A relation between the 2-norm condition number of a matrix $A$ and its eigenvalues is stated as
$$
\kappa_2(A) \geq {\max{|\lambda_i(A)|} \over \min {|\lambda_i(A)|} } \tag{1}
$$
where $A$ is not necessarily symmetric.
If we take for instance
$$
A = \left[ \matrix{ 1 & 2 \cr
3 & 4 \cr} \right],
$$
then
$$
\kappa_2(A) = 14.9330, \ \max |\lambda_i(A)| = 5.3723, \min |\lambda_i(A)| = 0.3723
$$
and (1) can be verified as
$$
{\max |\lambda_i(A)| \over \min |\lambda_i(A)| } = 14.4300
$$
If $A$ is symmetric, then we can use its special properties and in fact,
the result (1) holds as an equality.
$$
\kappa_2(A) = {\sigma_\max(A) \over \sigma_\min(A)} = {|\lambda_\max(A)| \over
|\lambda_\min(A)|}
$$
(for symmetric matrices)
For the general case, how to establish the result (1)?

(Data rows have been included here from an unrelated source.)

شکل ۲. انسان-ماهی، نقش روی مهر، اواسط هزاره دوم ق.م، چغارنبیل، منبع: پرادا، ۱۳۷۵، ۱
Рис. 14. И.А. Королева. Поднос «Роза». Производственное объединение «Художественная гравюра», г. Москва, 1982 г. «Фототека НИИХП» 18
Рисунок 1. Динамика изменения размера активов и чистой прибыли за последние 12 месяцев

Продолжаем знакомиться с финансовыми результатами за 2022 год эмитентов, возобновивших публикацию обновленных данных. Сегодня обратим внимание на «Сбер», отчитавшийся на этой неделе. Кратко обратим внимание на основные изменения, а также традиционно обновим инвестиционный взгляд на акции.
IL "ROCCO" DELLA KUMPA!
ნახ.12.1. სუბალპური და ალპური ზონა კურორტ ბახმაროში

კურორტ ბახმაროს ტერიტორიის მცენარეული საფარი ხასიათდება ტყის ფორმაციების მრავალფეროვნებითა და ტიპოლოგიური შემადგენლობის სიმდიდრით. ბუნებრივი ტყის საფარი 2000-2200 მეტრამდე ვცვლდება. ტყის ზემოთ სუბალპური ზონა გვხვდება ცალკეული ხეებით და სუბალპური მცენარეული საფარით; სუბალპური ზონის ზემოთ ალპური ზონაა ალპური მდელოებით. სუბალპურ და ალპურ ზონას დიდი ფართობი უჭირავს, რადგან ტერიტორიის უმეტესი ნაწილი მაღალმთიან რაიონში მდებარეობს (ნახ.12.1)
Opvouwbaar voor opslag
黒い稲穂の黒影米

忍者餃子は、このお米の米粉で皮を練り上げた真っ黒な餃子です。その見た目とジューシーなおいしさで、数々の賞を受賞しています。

I attempted a proof using the property that
$$
\rho(A) \leq \Vert A \Vert_2
$$
where $\rho(A)$ is the spectral radius of $A$.
This shows that
$$
\max|\lambda_i(A)| \leq \Vert A \Vert_2 \tag{2}
$$
and next we need to show that
$$
{1 \over \min|\lambda_i(A)|} \leq \Vert A^{-1} \Vert_2
$$
We also note that
$$
\rho\left( A^{-1} \right) \leq \Vert A^{-1} \Vert_2
$$
As noted in the comments below, the eigenvalues of $A^{-1}$ are the reciprocals of the eigenvalues of $A$.

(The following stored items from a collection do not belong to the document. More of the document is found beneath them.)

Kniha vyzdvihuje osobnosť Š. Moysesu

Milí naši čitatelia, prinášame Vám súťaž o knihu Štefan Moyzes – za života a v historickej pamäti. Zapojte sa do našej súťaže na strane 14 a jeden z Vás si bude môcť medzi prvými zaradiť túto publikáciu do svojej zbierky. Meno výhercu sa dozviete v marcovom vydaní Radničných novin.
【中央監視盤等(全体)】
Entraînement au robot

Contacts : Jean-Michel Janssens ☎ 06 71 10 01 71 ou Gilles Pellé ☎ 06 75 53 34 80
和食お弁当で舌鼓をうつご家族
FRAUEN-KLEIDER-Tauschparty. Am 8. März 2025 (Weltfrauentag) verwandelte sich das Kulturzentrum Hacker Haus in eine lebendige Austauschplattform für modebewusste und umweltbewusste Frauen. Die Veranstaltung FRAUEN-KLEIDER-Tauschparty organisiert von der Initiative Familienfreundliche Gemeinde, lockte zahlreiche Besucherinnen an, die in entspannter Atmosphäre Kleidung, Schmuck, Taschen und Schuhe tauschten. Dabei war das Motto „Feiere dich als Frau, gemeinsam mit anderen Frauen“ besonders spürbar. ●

Hence, it is immediate that
$$
{1 \over \min{ | \lambda_i(A) |}} = \rho\left( A^{-1} \right) \leq \Vert A^{-1} \Vert_2 \tag{3}
$$
Combining (2) and (3), the result (1) follows, viz.
$$
{\max |\lambda_i(A)| \over \min |\lambda_i(A)|} \leq
\kappa_2(A)
$$
In fact, this result holds true for the condition number of $A$ ($\kappa(A)$) with respect to any operator norm of $A$, since $\rho(A) \leq \Vert A \Vert$ for any operator norm.
Best Answer
The eigenvalues of $A^{-1}$ are the reciprocals of the eigenvalues of $A$. So $\frac{1}{\min |\lambda_i(A)|}=\max |\lambda_i(A^{-1})|$; thus your property finishes the proof.